» **Exercise details**: Leave out the pictures and output exactly the lines below from the one with "まだ排気量アップやポート加工" down to the one with "Product Name: Women’s", both of them included.
▼▼▼
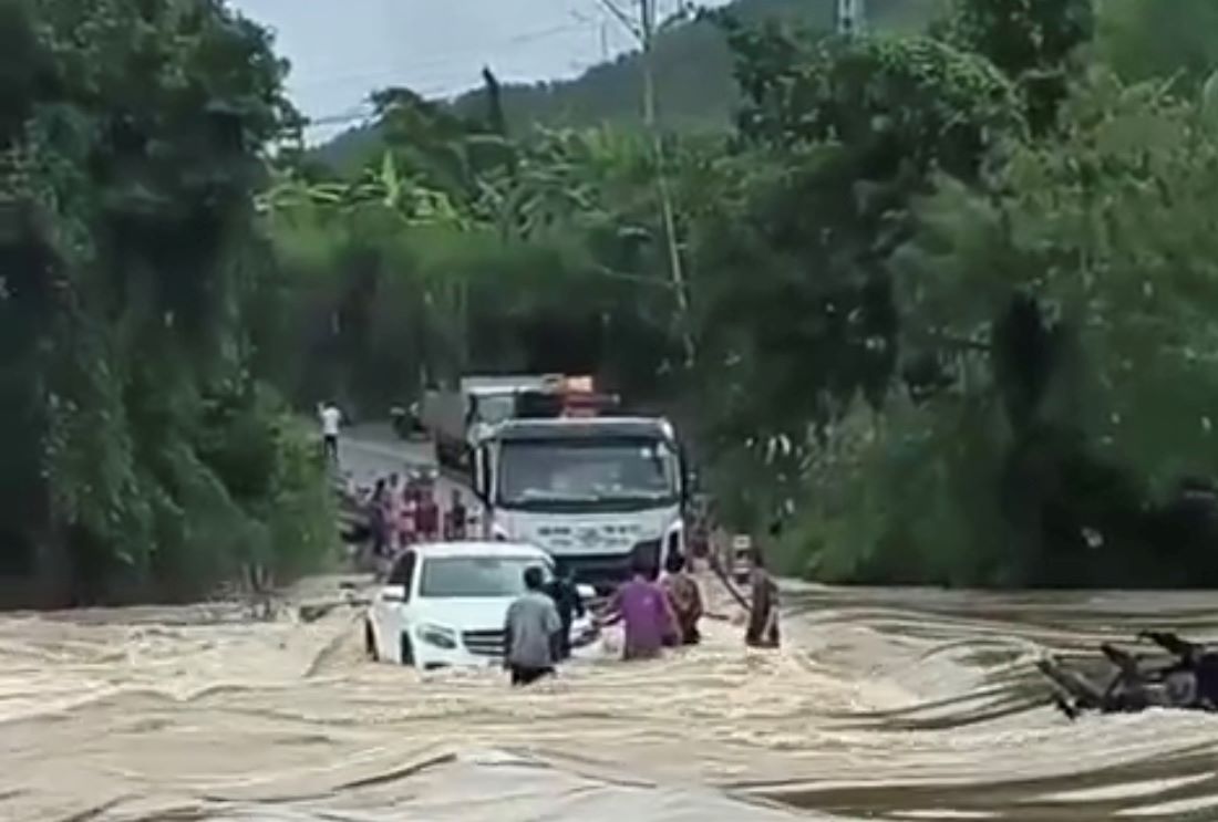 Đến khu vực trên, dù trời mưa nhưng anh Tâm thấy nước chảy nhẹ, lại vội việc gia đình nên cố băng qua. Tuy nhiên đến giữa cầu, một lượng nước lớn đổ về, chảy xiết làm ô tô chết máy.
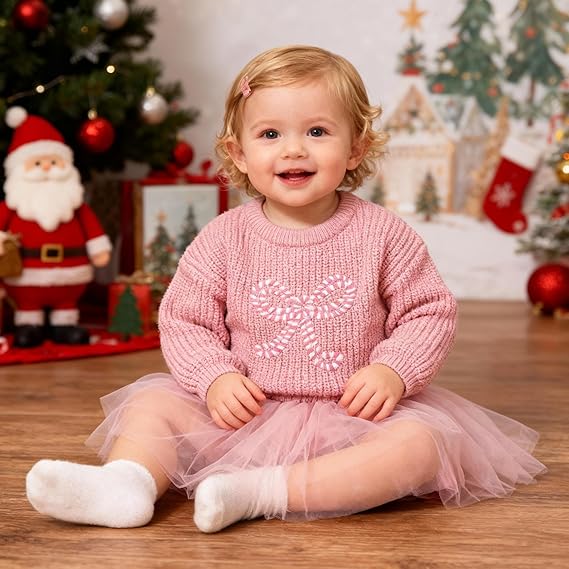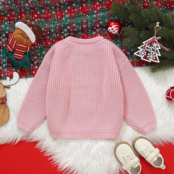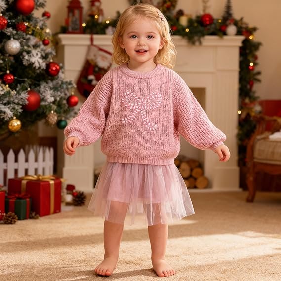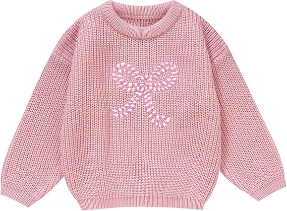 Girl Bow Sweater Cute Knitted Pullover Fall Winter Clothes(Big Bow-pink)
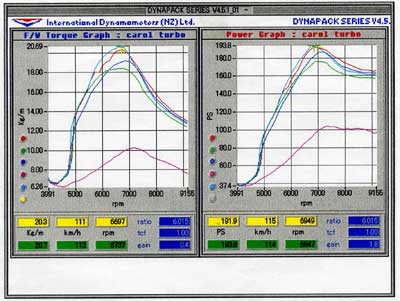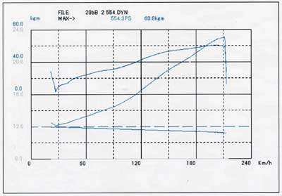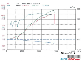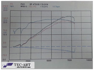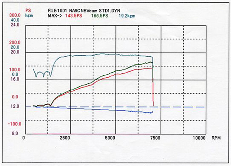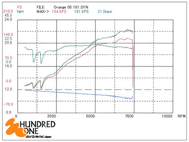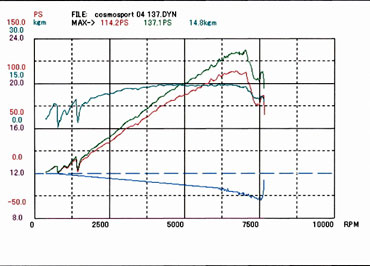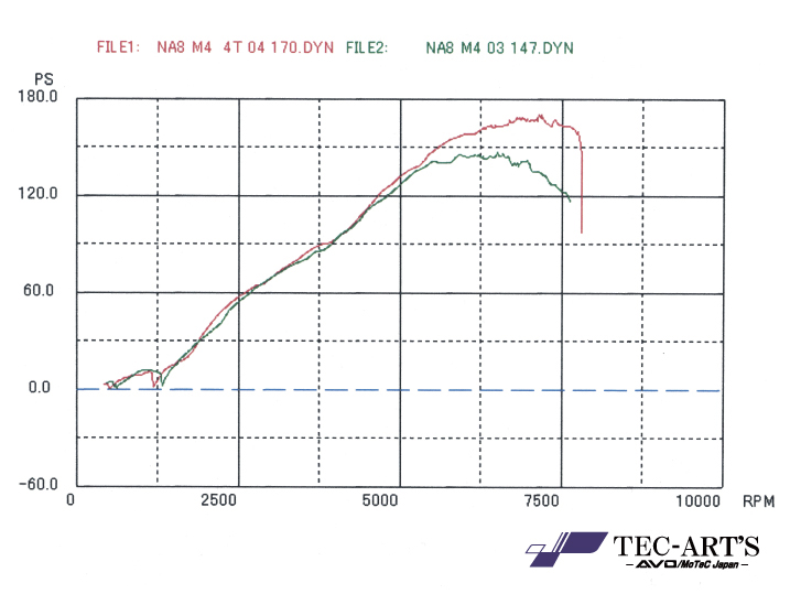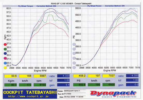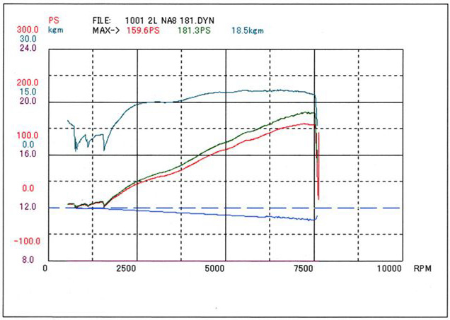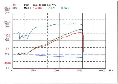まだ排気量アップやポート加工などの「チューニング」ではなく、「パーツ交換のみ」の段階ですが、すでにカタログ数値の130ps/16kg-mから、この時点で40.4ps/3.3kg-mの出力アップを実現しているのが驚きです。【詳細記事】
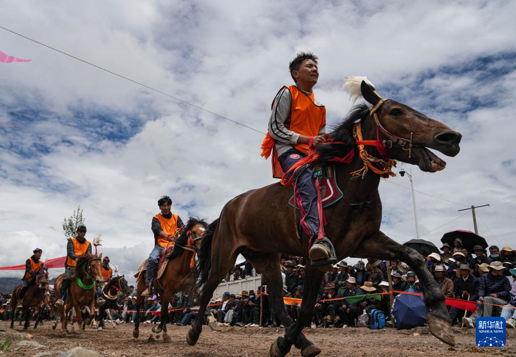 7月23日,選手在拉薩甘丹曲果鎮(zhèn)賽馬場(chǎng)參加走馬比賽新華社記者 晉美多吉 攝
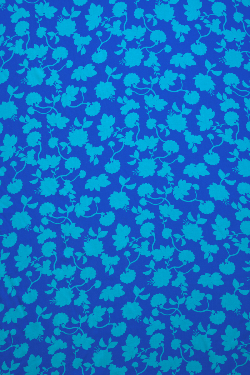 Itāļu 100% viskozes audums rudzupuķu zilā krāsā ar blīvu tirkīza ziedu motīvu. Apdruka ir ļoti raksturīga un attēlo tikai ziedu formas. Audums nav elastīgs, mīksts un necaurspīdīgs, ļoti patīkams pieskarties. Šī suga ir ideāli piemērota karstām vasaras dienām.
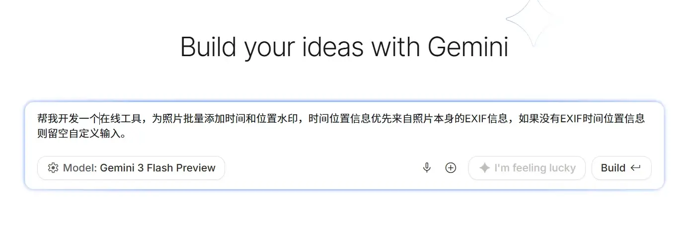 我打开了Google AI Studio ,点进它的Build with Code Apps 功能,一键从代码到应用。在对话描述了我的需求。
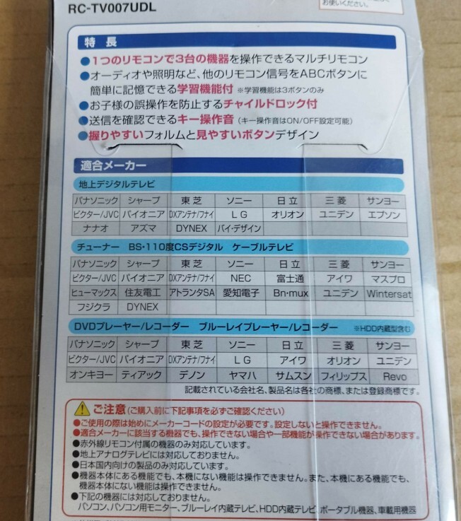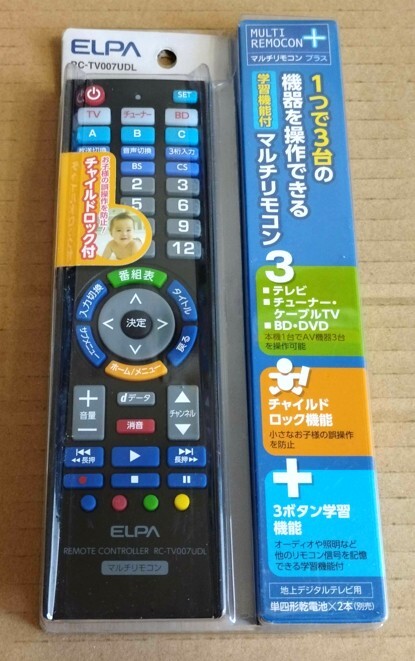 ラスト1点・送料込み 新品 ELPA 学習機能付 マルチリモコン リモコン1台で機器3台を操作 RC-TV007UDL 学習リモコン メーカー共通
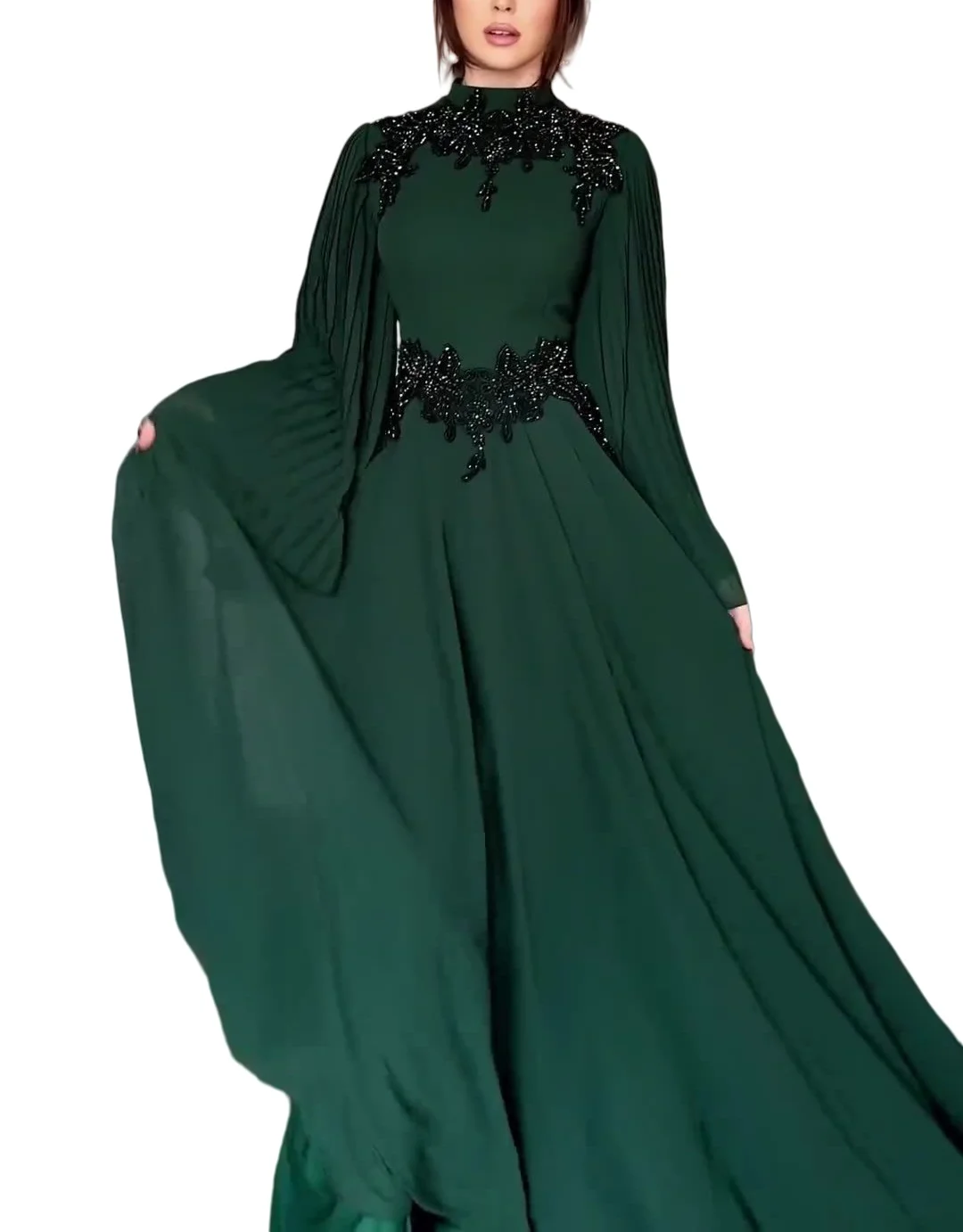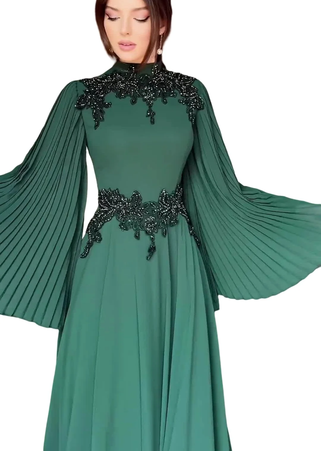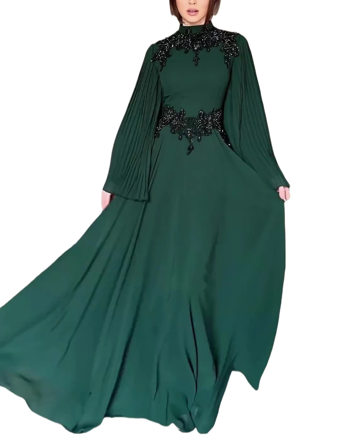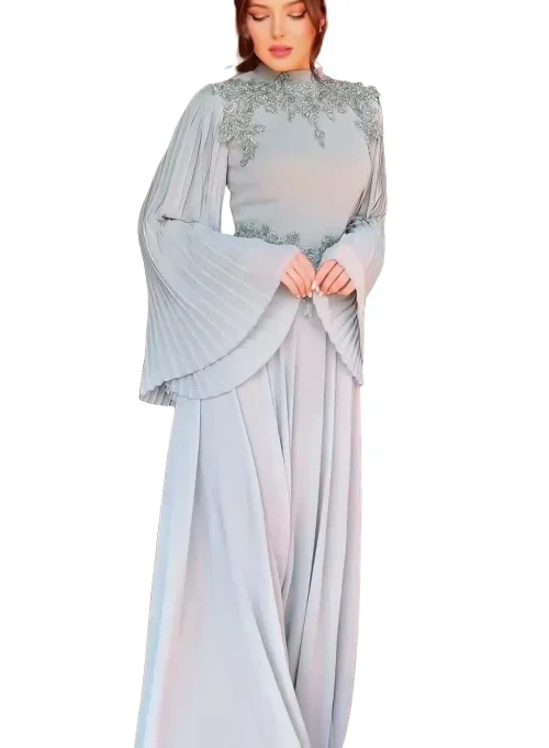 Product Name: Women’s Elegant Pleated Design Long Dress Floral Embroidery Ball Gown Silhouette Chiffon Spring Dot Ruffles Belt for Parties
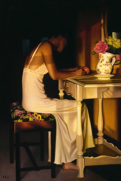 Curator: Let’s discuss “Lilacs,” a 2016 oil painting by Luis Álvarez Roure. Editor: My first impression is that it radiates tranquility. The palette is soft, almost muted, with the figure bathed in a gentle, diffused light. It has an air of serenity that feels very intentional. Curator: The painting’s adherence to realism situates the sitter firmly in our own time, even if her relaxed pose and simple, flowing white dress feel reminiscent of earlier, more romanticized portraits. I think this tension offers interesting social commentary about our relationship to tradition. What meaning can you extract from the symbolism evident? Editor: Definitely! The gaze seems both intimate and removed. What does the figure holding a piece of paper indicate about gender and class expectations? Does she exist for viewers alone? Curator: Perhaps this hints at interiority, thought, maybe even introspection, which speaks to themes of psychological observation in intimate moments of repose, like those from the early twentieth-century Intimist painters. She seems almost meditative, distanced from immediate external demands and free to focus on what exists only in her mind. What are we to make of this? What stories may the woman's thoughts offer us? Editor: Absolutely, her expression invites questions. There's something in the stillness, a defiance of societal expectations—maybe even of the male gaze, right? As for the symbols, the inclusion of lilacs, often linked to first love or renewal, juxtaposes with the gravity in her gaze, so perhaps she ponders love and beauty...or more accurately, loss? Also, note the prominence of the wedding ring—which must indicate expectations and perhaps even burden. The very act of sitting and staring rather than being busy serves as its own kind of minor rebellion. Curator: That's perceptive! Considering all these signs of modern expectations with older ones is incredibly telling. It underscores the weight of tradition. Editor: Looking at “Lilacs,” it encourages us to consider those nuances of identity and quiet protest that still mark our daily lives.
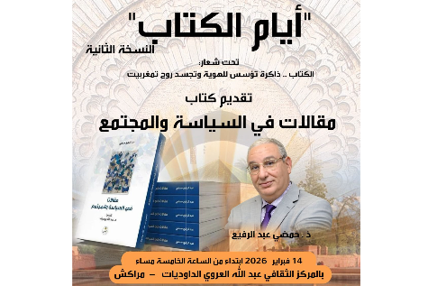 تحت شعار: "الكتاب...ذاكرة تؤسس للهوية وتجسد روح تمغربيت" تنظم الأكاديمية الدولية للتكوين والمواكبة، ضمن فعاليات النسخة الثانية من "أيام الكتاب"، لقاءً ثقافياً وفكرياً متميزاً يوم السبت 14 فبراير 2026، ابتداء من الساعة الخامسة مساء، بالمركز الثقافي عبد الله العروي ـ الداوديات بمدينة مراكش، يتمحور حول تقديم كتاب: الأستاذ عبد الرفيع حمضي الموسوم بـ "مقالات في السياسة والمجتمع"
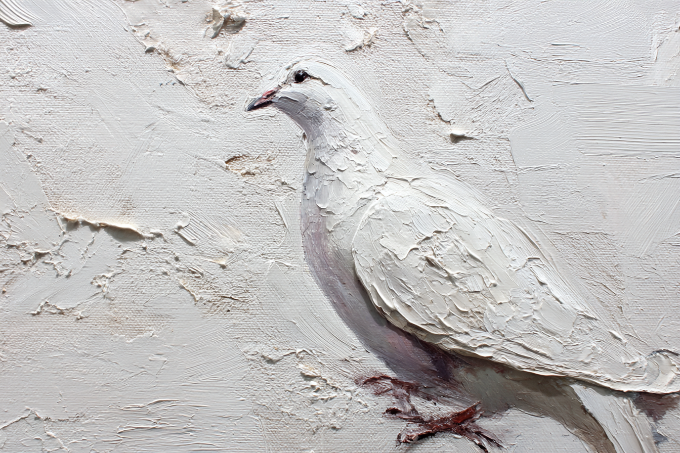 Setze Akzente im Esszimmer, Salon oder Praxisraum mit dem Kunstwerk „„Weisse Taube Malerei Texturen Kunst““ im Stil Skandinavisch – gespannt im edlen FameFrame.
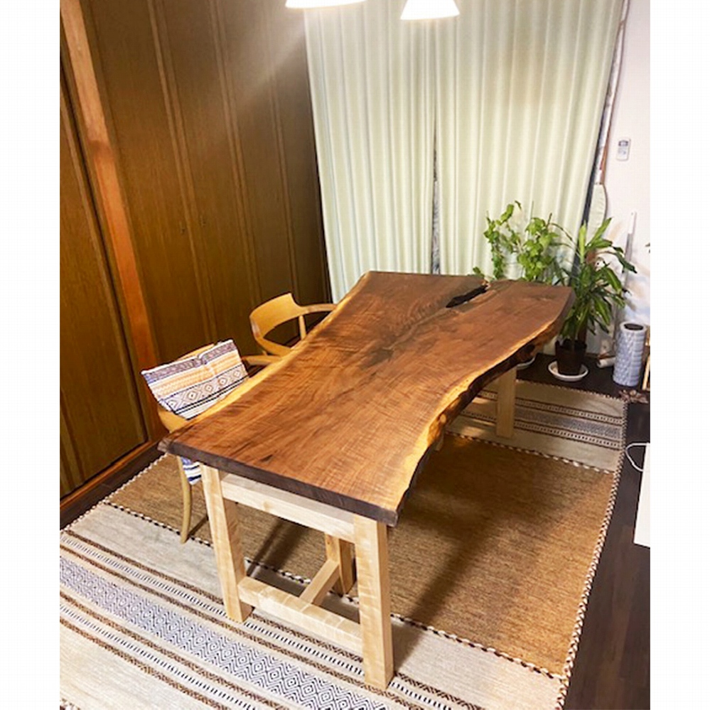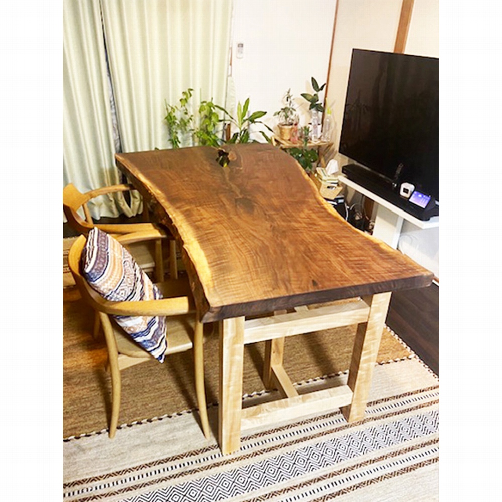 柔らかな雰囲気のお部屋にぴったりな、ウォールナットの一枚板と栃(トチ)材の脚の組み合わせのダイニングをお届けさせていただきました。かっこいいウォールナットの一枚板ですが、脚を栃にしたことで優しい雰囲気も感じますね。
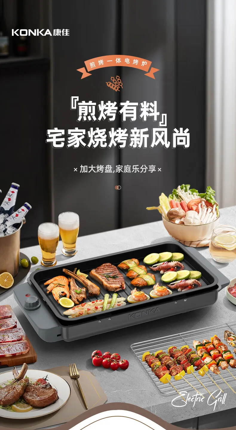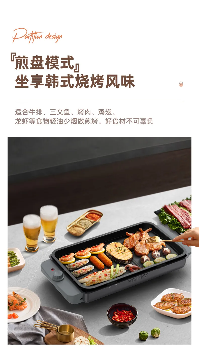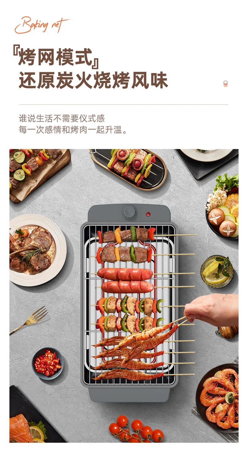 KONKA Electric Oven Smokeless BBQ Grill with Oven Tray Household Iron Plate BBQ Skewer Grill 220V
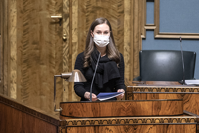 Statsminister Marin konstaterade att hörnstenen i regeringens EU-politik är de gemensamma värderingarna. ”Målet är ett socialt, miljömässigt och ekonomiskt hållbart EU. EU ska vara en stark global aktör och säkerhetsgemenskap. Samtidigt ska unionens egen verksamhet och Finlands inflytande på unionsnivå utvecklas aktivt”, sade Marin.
▲▲▲
» **Answer area**:
まだ排気量アップやポート加工などの「チューニング」ではなく、「パーツ交換のみ」の段階ですが、すでにカタログ数値の130ps/16kg-mから、この時点で40.4ps/3.3kg-mの出力アップを実現しているのが驚きです。【詳細記事】
 7月23日,選手在拉薩甘丹曲果鎮(zhèn)賽馬場(chǎng)參加走馬比賽新華社記者 晉美多吉 攝
 Itāļu 100% viskozes audums rudzupuķu zilā krāsā ar blīvu tirkīza ziedu motīvu. Apdruka ir ļoti raksturīga un attēlo tikai ziedu formas. Audums nav elastīgs, mīksts un necaurspīdīgs, ļoti patīkams pieskarties. Šī suga ir ideāli piemērota karstām vasaras dienām.
 我打开了Google AI Studio ,点进它的Build with Code Apps 功能,一键从代码到应用。在对话描述了我的需求。
 ラスト1点・送料込み 新品 ELPA 学習機能付 マルチリモコン リモコン1台で機器3台を操作 RC-TV007UDL 学習リモコン メーカー共通
 Product Name: Women’s Elegant Pleated Design Long Dress Floral Embroidery Ball Gown Silhouette Chiffon Spring Dot Ruffles Belt for Parties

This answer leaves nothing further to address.